Goal of the exercise:
Here is the task for the listing below: output exactly the lines from the one containing "Для скоростных самолетов" through the one containing "6 イエスは彼に言われた。「", and leave out the pictures.

Extracted entries:
........

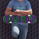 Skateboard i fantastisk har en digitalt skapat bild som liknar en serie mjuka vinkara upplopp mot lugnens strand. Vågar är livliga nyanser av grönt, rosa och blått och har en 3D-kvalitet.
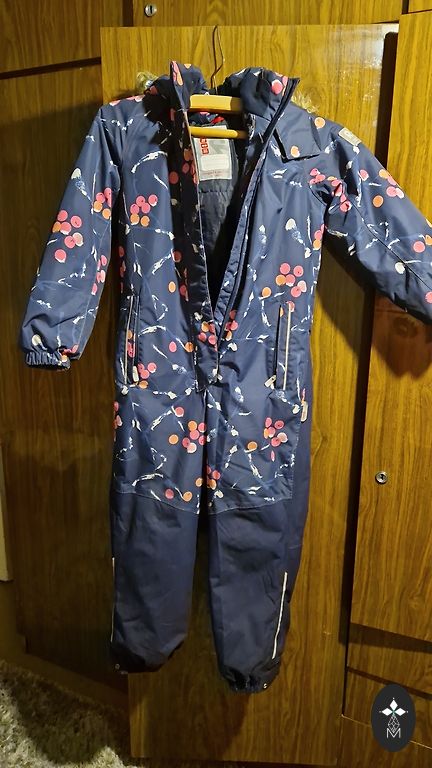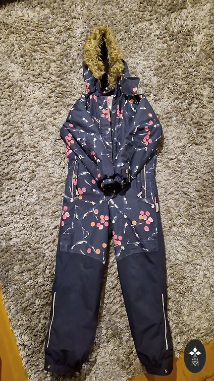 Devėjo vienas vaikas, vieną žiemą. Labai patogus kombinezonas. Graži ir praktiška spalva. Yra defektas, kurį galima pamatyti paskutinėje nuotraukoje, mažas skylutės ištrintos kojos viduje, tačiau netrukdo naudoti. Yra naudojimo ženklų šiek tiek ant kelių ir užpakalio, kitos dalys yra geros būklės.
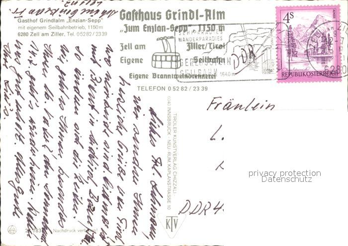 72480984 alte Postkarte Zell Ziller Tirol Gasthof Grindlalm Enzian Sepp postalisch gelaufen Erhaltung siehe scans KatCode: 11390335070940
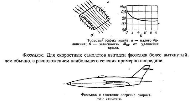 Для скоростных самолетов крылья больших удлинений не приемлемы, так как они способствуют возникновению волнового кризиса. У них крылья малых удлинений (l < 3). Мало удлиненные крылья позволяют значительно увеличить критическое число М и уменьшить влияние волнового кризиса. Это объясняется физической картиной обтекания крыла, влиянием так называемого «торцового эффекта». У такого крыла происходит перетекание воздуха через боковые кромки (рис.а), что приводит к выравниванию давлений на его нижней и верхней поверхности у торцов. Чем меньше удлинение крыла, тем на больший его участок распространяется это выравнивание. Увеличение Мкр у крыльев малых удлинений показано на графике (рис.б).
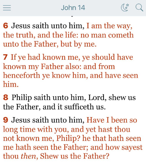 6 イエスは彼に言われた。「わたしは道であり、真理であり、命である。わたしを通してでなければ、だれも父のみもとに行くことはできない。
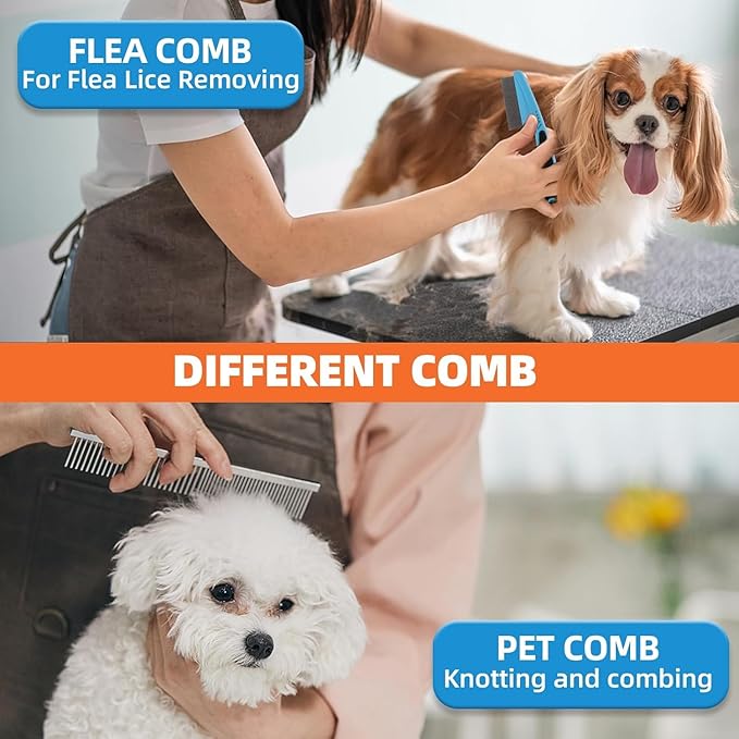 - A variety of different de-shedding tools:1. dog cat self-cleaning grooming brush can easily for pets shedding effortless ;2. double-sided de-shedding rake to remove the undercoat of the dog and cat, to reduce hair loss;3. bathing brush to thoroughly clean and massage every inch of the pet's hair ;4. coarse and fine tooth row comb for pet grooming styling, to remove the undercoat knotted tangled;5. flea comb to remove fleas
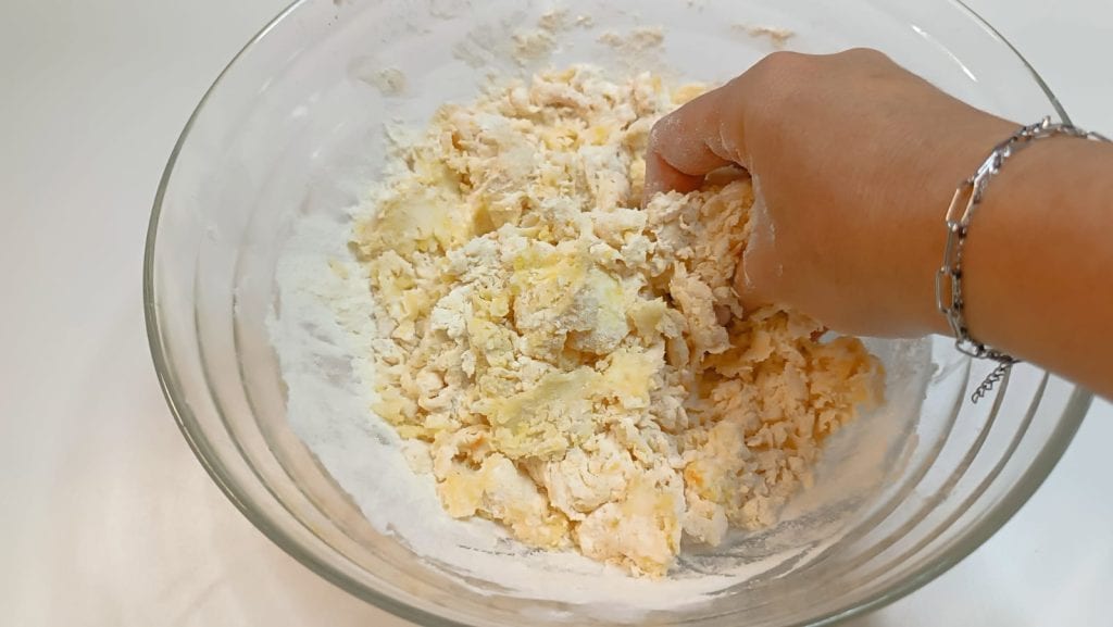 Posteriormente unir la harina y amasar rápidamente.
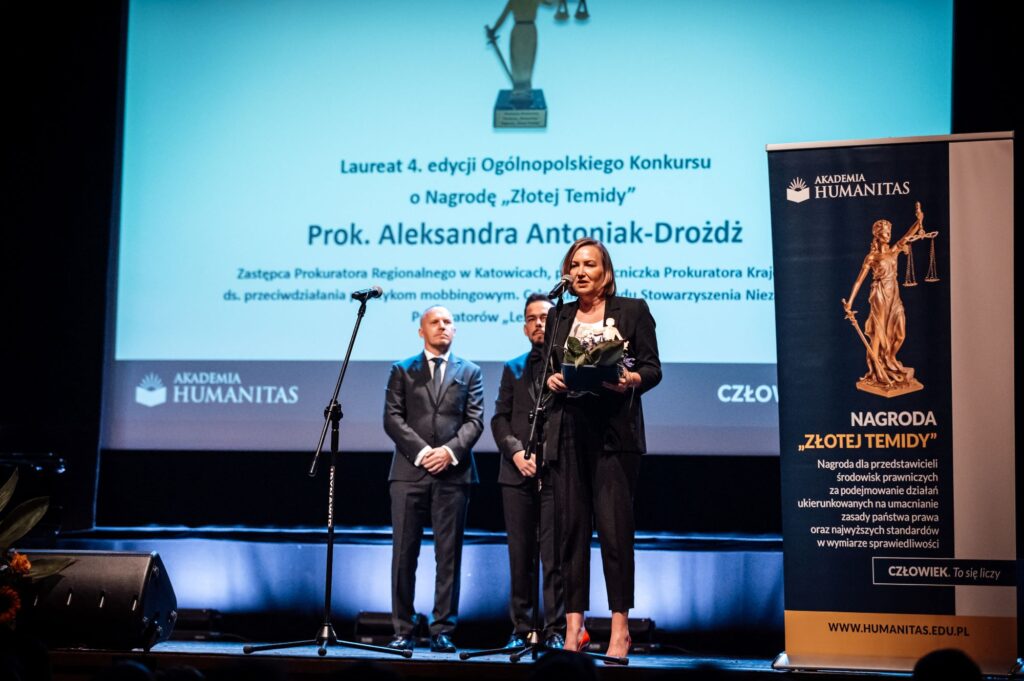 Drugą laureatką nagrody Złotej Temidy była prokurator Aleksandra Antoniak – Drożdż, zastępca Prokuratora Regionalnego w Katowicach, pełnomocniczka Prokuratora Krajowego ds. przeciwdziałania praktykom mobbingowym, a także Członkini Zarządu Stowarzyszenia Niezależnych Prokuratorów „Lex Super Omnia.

........

Exercise output:
 Для скоростных самолетов крылья больших удлинений не приемлемы, так как они способствуют возникновению волнового кризиса. У них крылья малых удлинений (l < 3). Мало удлиненные крылья позволяют значительно увеличить критическое число М и уменьшить влияние волнового кризиса. Это объясняется физической картиной обтекания крыла, влиянием так называемого «торцового эффекта». У такого крыла происходит перетекание воздуха через боковые кромки (рис.а), что приводит к выравниванию давлений на его нижней и верхней поверхности у торцов. Чем меньше удлинение крыла, тем на больший его участок распространяется это выравнивание. Увеличение Мкр у крыльев малых удлинений показано на графике (рис.б).
 6 イエスは彼に言われた。「わたしは道であり、真理であり、命である。わたしを通してでなければ、だれも父のみもとに行くことはできない。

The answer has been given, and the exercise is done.